The commodities got it in all directions. Oil bulls got slapped everywhere they looked as a rate hike in Europe, weak manufacturing data in the US and growing concerns about Ireland's debt problems slammed commodities across the board. Perhaps the Fed knew that things are not that rosy and they were right to print all of that money. Now with inflation running wild in China, the market knows that the Chinese are going to have to tap on the breaks, striking a major blow to global oil demand expectations.
Over the longer-term, this is another critical time in this oil market when the price failed to capitalize and follow through on a breakout to new highs. Just 5 days ago oil hit a new two-year high bring out a chorus of $100 a barrel predictions that many said that we would see by the end of the year. These calls seem to me to be the same predictions we heard in the beginning of the year as oil hit 8395, a post economic crisis at least until the Dubai crisis sent oil price hurling back down to below $70.00. Then a UAE $10 billion rescue plan and all was well in the oil market. Oil surged and hit a new high of 8715 in May and the $100 a barrel predictions were heard quite loudly. That was before the Greece debt crisis which brought oil back down to 6424. Then of course it was the EU to the rescue with a massive bailout package and oil recovered slowly back to the $80s before settling back into the low $70's. Next oil got the boost of a lifetime as the Federal Reserve signaled to the market that they would print more money, sending oil on an incredible bullish journey to a two-year high price 8863! Of course now with concerns about Ireland's debt and China's runaway inflation, oil is back in the low eighties again.

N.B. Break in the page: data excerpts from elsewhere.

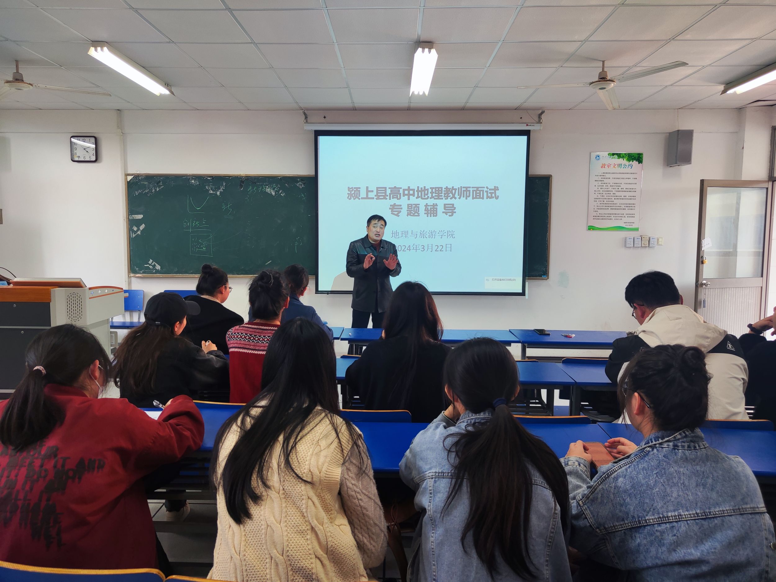 为帮助毕业生更好地掌握求职面试技巧,提高求职面试成功率,3月22日下午,地旅学院举行教师面试专题辅导,为拟参加颍上县高中地理教师面试的同学们进行指导。
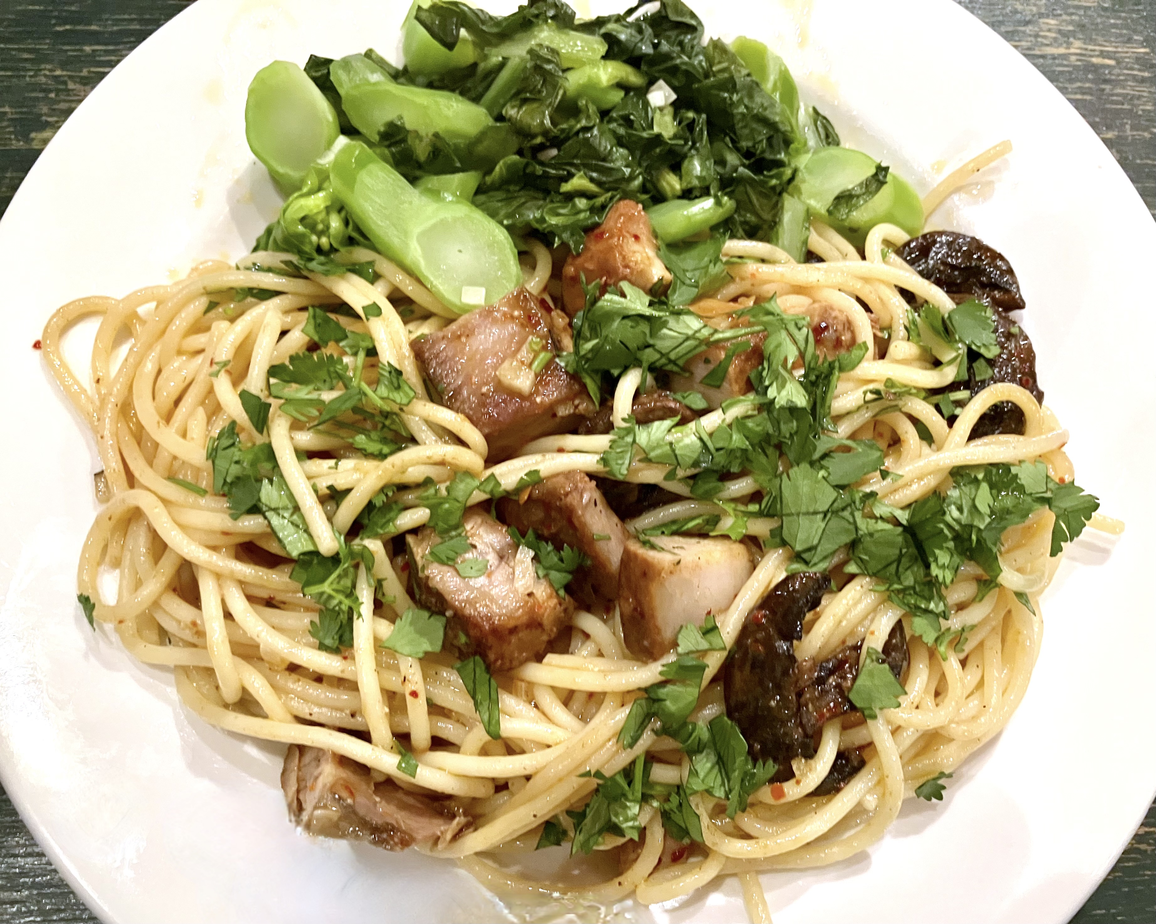 - pasta – 1 LB, spaghetti or macaroni, cooked al dente
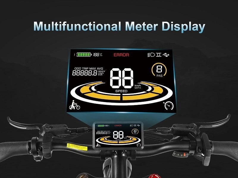 Les pneus larges et la suspension avant du VTT électrique SAMEBIKE RSA08-II garantissent une excellente adhérence sur tous types de terrains. Que vous rouliez sur des chemins accidentés ou sur des routes urbaines, la suspension absorbe les chocs et offre une conduite confortable.
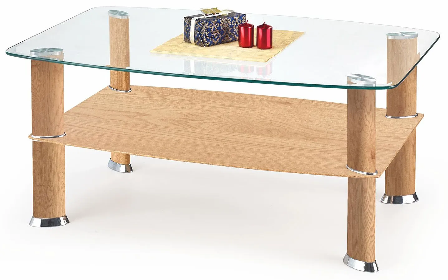 Komfortowa i wykwintna ława Naxin wyróżnia się nie tylko swoją praktyczną formą i eleganckim kształtem, ale także zastosowaniem materiałów najlepszej jakości. To dlatego cieszy się ona powodzeniem wśród osób lubiących nowatorskie rozwiązania. Użyta do produkcji stolika płyta laminowana w kolorze dąb złoty została uszlachetniona cienkimi filmami melaminowymi. Posiada także specjalne włókna ułożone różnokierunkowo, co zapewnia nadanie jej cech jakościowych oraz wytrzymałościowych. Designerski prostokątny blat zrobiono z podwójnie hartowanego szkła, dzięki czemu jest całkowicie odporny na rysy i uszkodzenia. Praktyczna półka na niezbędne drobiazgi pomaga Ci zaoszczędzić miejsce na blacie i utrzymać na nim porządek. Ława Naxin dodaje wnętrzu harmonii i elegancji, a każda kawa przy niej wypita smakuje doskonale. Podaruj Twoim czterem kątom nieco delikatnego ciepła, harmonizując je ze świeżością naturalnych barw.
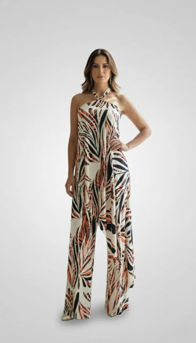 O top halter traz decote delicado com amarração no pescoço e leve drapeado no busto, oferecendo um caimento elegante e discreto. A peça superior tem corte amplo que proporciona movimento e modernidade; o detalhe metálico na amarração realça o colo com sofisticação sutil. A calça fluida, em corte largo e comprimento longo, complementa a composição com um balanço natural que alonga a silhueta.
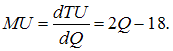 Предельная полезность показывает прирост общей полезности в результате увеличения потребления товара на одну дополнительную единицу. Функция предельной полезности (MU) рассчитывается как первая производная от функции общей полезности (TU):
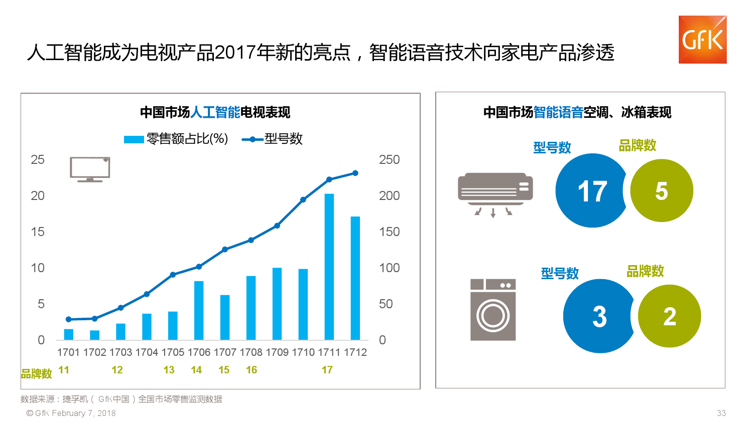 中国电子家电在线渠道新趋势本质上来看就是产品结构优化升级,而产品的提升离不开科技的创新。AI的发展为传统厂商、互联网厂商、在线平台、内容提供商创造机遇。2017年人工智能电视得到了快速发展,“双11”期间人工智能电视销售额比重超过了20%,同时作为智能家居入口的智能音箱引爆2017年,市场规模超过150万台。智能家电发展过程中,国产品牌成为绝对主力,GfK数据显示,零售量近3成的智能化空调、冰箱、洗衣机由国产品牌贡献。
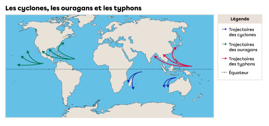 Dans le cas des cyclones, typhons et des ouragans, ceux-ci se forment généralement proche de l'équateur, en raison des conditions météorologiques favorables comme l'air chaud et humide.
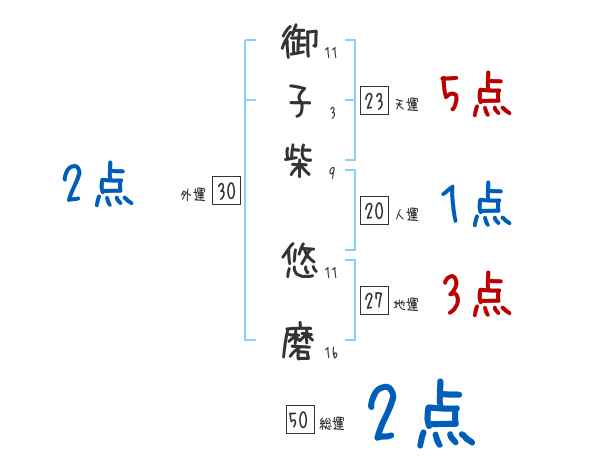 天運![]() | 御子柴悠磨さんの天運は23画の5つ星!想像力に優れ活力がある。一代で成功し名誉を手に入れる。 家系が持つ宿命的な運勢を表します。祖先から受け継いだ苗字ですので自分の力が及びません。家柄を象徴します。 |
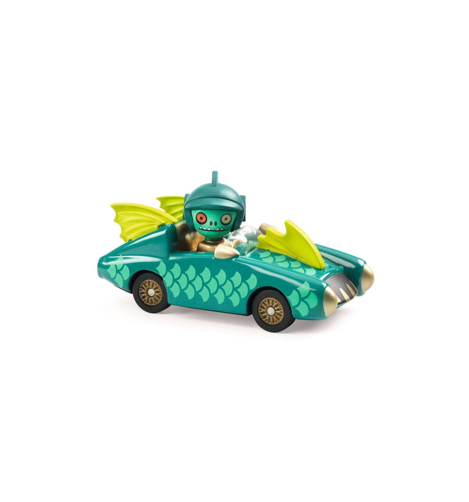 Autko Djeco Crazy Motors Mister Wings – wyścigówka z fantastycznym kierowcą! Metalowe autko z gumowymi oponami, zawieszeniem i efektowną karoserią w łuskach ryby.
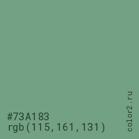 Цвет #73A183 в цветовой модели RGB обозначается тремя октетами (115, 161, 131) в десятичном формате и #73A183 в шестнадцатиричном (hex) формате, которые являются интенсивностью красного 115 (hex 73), интенсивность зелёного 161 (hex A1) и интенсивность синего 131 (hex 83).
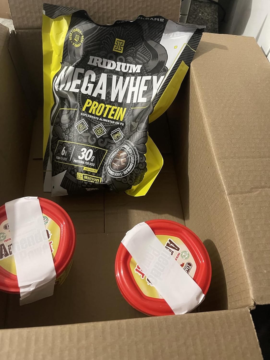 Chegou no prazo bem embalado! Pasta de Amendoim saborosa, mas ALTO TEOR DE GORDURA SATURADA.
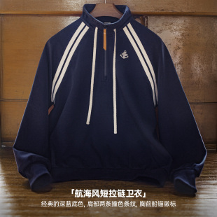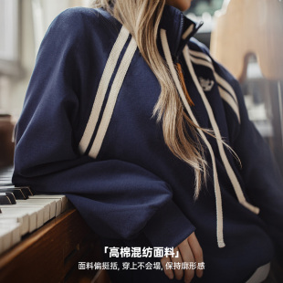 马登美式 无帽卫衣女士春 复古学院风藏青色半拉链翻高立领套头长袖
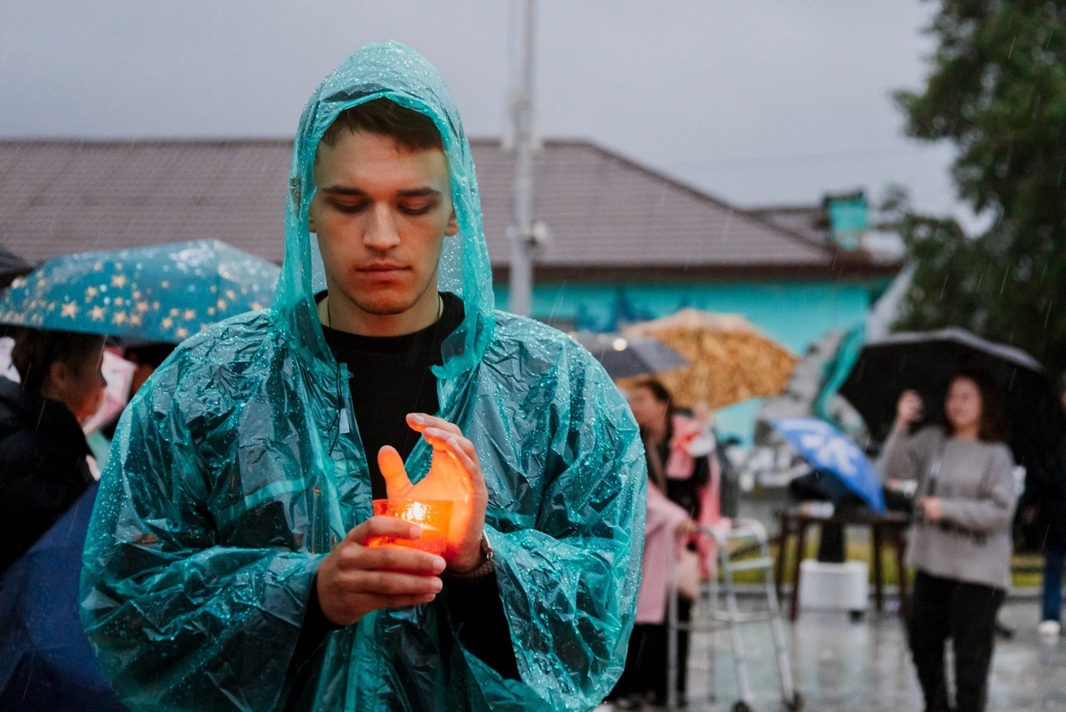 Несмотря на плохую погоду, жители города собрались у мемориала Воину-освободителю и зажгли свечи в память обо всех, кто отдал жизнь во имя Великой Победы.
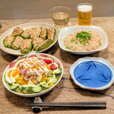 伴侶さんのリクエストでピーマン肉詰めです。油を使わずに焼いたのですが、これだけあるとカロリーが気になりますね。とはいえ、おいしいです。ありがとうございます。
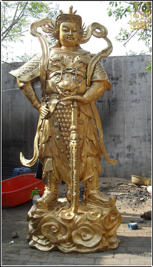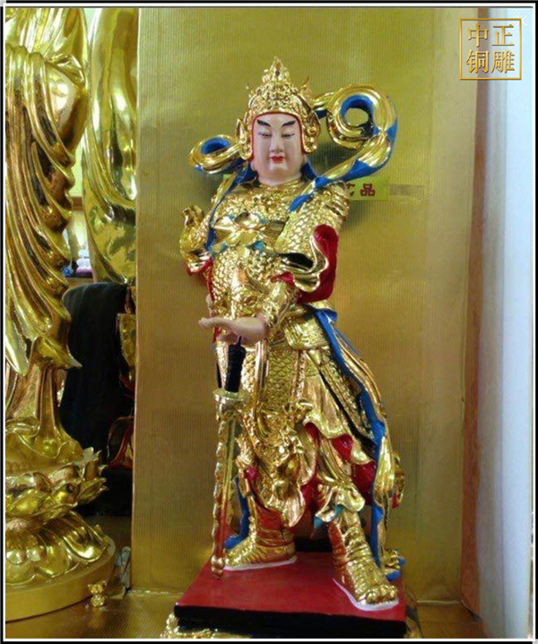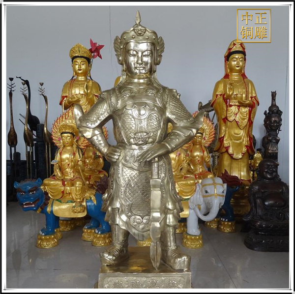 于是,韋陀被人們稱為護法菩薩。在中國的寺院殿宇里原印度血統的銅雕佛像韋陀已經漢化了,成了一名地道的中國武將,英俊威武。他身披鎧甲,手持金剛杵,降魔去妖,威風凜凜。天王殿中所塑的韋陀,一般具有兩種站立的姿態,一個是雙手合十,橫杵于腕上,直挺而立;一個是一手握杵拄地,另一手叉腰。
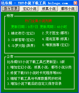 比樂(lè)閣小說(shuō)下載工具是集數(shù)萬(wàn)部txt全集小說(shuō)為一體的小說(shuō)下載工具,內(nèi)含小說(shuō)數(shù)據(jù)庫(kù)在每次運(yùn)行時(shí)與服務(wù)器對(duì)比更新,讓書(shū)友們可以獲取最新的好看小說(shuō)。在找到好看的小說(shuō)之后鼠標(biāo)點(diǎn)擊即可進(jìn)行一步下載到位,自定義保存下載后的路徑。本工具更多功能將陸續(xù)添加,敬請(qǐng)關(guān)注!
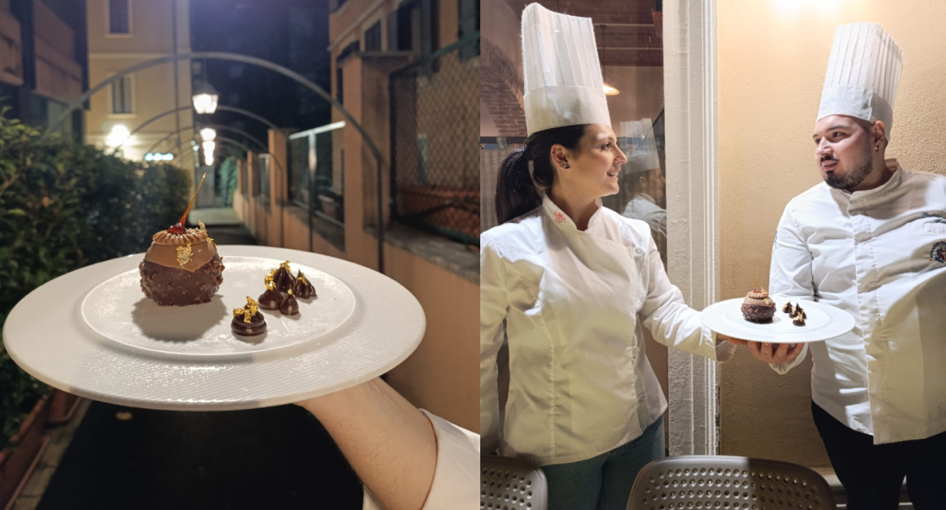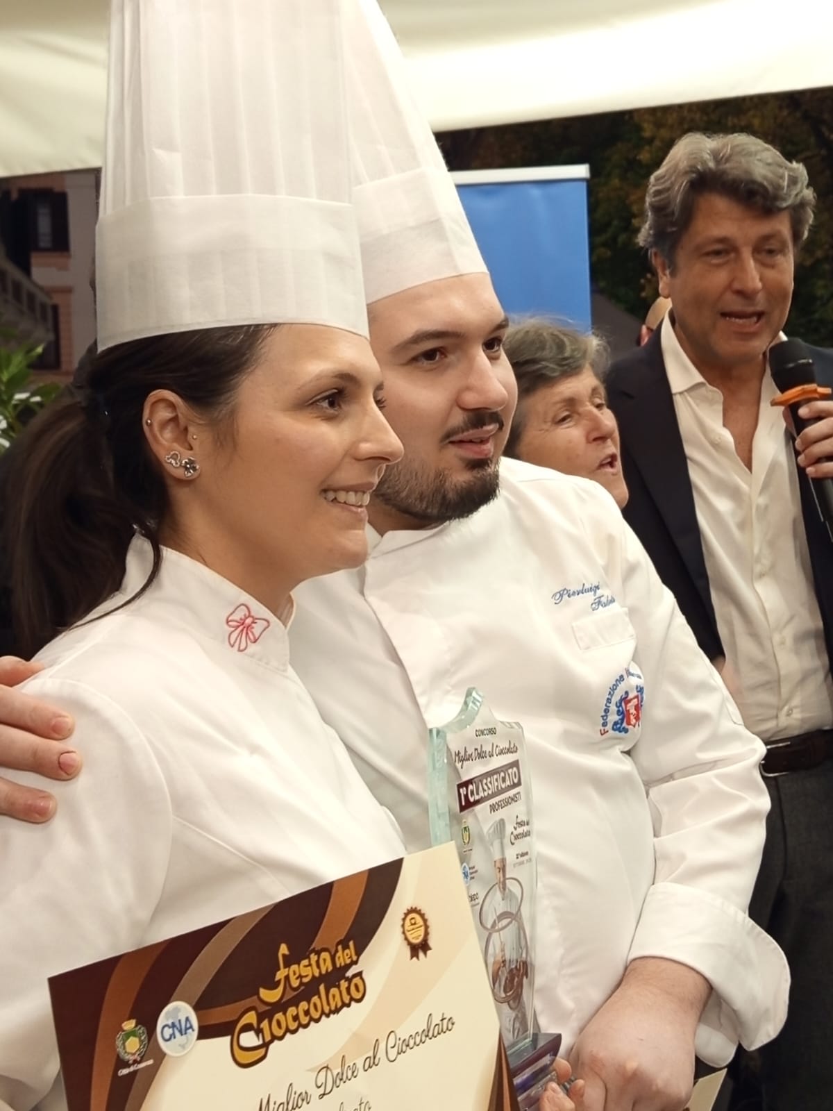 A trionfare nella loro categoria sono stati i due giovani fratelli Falsetta, Federica e Pierluigi, con il loro “Rochèr Prezioso”; una sfera di semifreddo al Nerone puro, con cuore alla nocciola, glassa specchio al cioccolato al latte, mulinello goloso e stalattite di nocciola caramello.
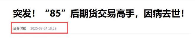 参考资料 证券时报2025-08-24《突发!“85”后期货交易高手,因病去世!》
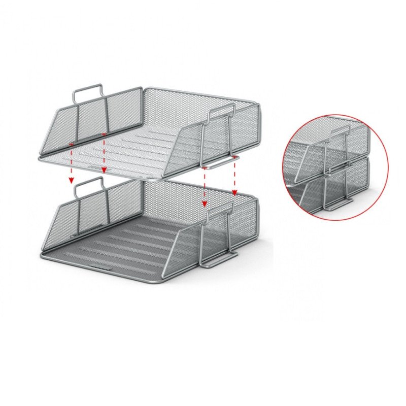Dokumentų lentynėlė metalinė ažūrinė. Skirtas laikyti ir klasifikuoti dokumentus. Pagaminta iš plieno tinklelio. Išmatavimai: 340 x 275 x 80 mm. Spalva: sidabrinė.
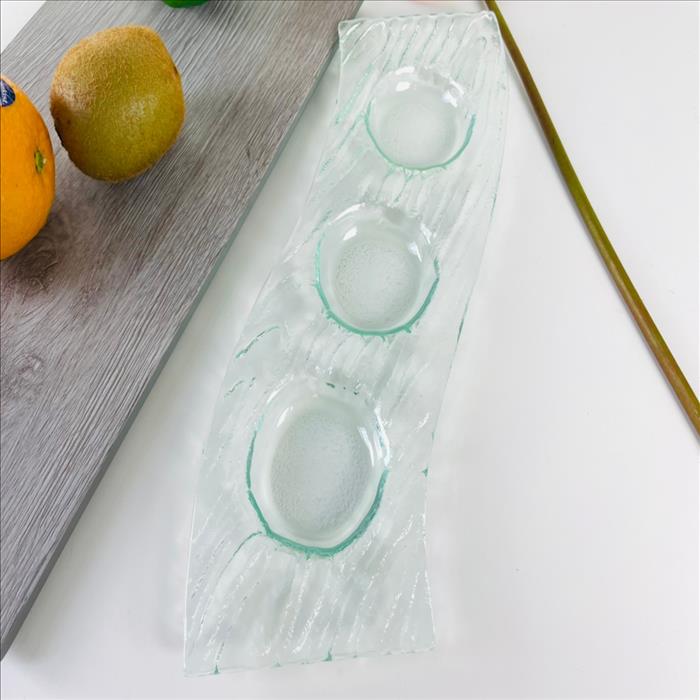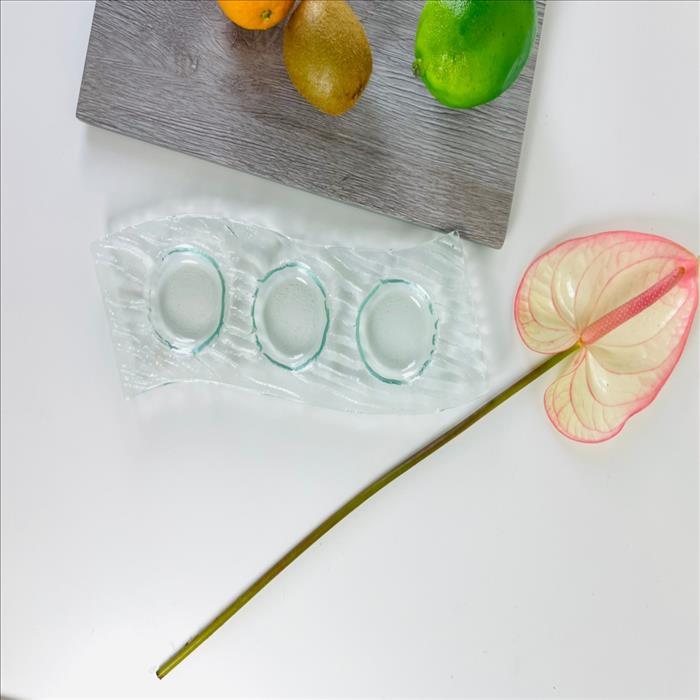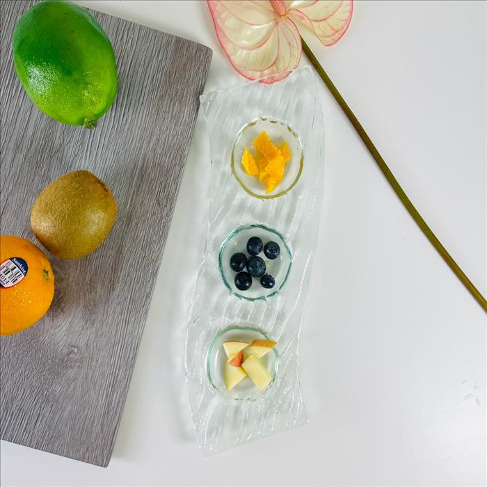 窯燒玻璃盤/三格S型甜點盤/冷菜盤/餐廳愛用
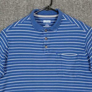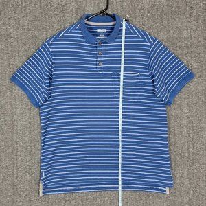 Duluth Trading Co Polo Shirt Mens L Blue Short Sleeve Striped Pocket Side Gusset.
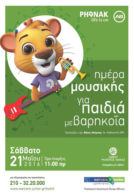 Με ιδιαίτερη χαρά, το Earcare Παιδιατρικό Ακοολογικό Κέντρο Αθηνών και το Ωδείο Φίλιππος Νάκας, προσκαλούμε τους μικρούς μας φίλους με βαρηκοΐα, χρήστες ακουστικών βαρηκοΐας ή κοχλιακών εμφυτευμάτων σε ένα μαγικό ταξίδι στο κόσμο της Μουσικής!
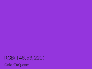RGB 148,53,221 Color is a normal purple color and the nearest color is Blue Violet #8a2be2. Hex code #9435dd and RGB value is rgb(148,53,221). In RGB color space, this color is composed of 58% red, 21% green, 87% blue, In CMYK color space, this color is composed of 33% cyan, 76% magenta, 0% yellow , 13% black , In HSL color space, this color has a hue angle of 274° , 71% saturation and 54% lightness.

My point is that despite all of the talk of bullish fundamentals for oil, the truth is that the price of oil has been fragile all year. Like the economy, oil's upward moves all this year have been in the aftermath of government bailouts. In the end, oil is only as good as its last bailout and the selloff of just one crisis away. As I said back in the beginning of this month, "As I see it, the Fed policy, while bullish for oil, will not get it to $100 a barrel. In fact the risks are heightened that QE2 will cause a bubble burst in emerging economies at some point, causing an oil market crash. In the short run, you cannot fight the Fed. In the long run, you must be wary."